The modern high end camera is a good example of an AI-enabled device. The focusing system is essentially a robot – it has servos and actuators, it is capable of operation independent of a human host, its auto-focusing system involves a continuous feedback loop to determine the best focal length and exposure even before the picture is “taken”, it makes use of light sensitive arrays that convert light into digital signals, it typically stores dozens or even hundreds of “photos” that it can then composite, and then has AI routines capable of removing red-eye, improve focusing and compensate for lighting conditions. In most cases these very complex operations are hidden from the user, who just know that they are taking better photographs than ever before.
As to where the line gets drawn between software and AI, the reality is that the line has been blurry and is becoming more so daily. The vanilla office suite – word processing documents, spreadsheets, presentation software and mail clients – would seem to be the last bastion of non-AI software, but in point of fact all of these packages learn from their users.
Clippy, the annoying pop-up sprite that defined an entire generation of Microsoft Office users, was AI, albeit a very primitive one.
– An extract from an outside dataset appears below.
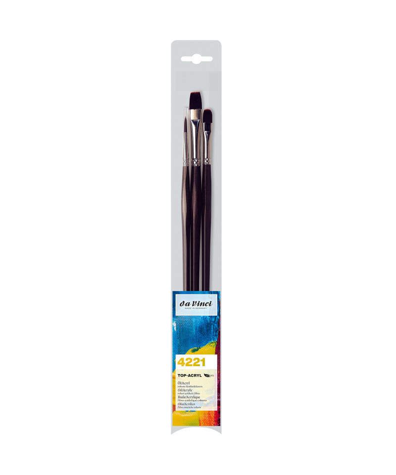 Extra strong and stiff for acrylics, oils & water-mixable oils TOP-ACRYL is constructed with 5 different diameters of extra strong Synthetic Bristle. Long handles fit right in your painting box or travel easel. Exclusive design developed by da Vinci. Extra stiff with a precise snap, and a favorite of Impasto painters (who use thick applications of paint). Whether massing color in the larger sizes or precision painting in the smaller sizes, TOP-ACRYL brushes offer the artist versatility and ruggedness. The brush features a long, lacquered hexagonal handle. This set includes: Series 7185 Size 12, Series 7485 Size 8 and Series 7785 Size 4.
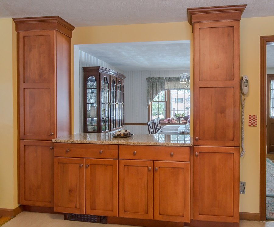 Pantry storage framing the buffet area is a great addition to this kitchen remodel in Acton MA.

Clippy’s descendents are busy at work pointing out editing problems and misspellings, making suggestions about different presentation styles, identifying patterns and suggesting better tools to solve problems. Excel’s charting suite will create what it believes is the most suitable type of chart to display data, and will then factor in your own interests when you override it so next time it may be more inclined to use your charts of interest – and even note what color schemes you most like to work with.
Adobe Photoshop CS now has the ability to select figures of interest with a single menu click. Image recognition plays a big part in that capability, and increasingly that is also being tied back into semantic systems that will identify the person being selected and update the metadata so that photoshop files can be searched automatically for pictures of that person – all without the user being aware that anything is happening.
In other words, what is happening today is that while most of the software that users work with are not examples of artificial intelligence, AI is in the background, making suggestions, handling classification and identification, pulling together options for making decisions and in some cases making those decisions autonomously. This trend will only continue.
AI is still evolving. AI is about making things both physical and virtual aware – of us, of themselves, of the world at large.
It can be argued that artificial intelligence isn’t really a technology, per se, but is instead, at any given point, a set of future facing technologies that usually manifest near the end of an ascending business cycle. Some, like fully certified Level 5 autonomous vehicles, quantum communication systems and even artificial general intelligence (AGI) are years or decades in the future. However, seeds for these are being planted now, and it is likely, even if there is an economic downturn, that research will continue during the quiet periods.
So, one good way of thinking about artificial intelligence is that it is the process of teaching computers to deal with multiple levels of abstraction simultaneously. It’s information processing gone fractal. And it is, ironically enough, here to stay.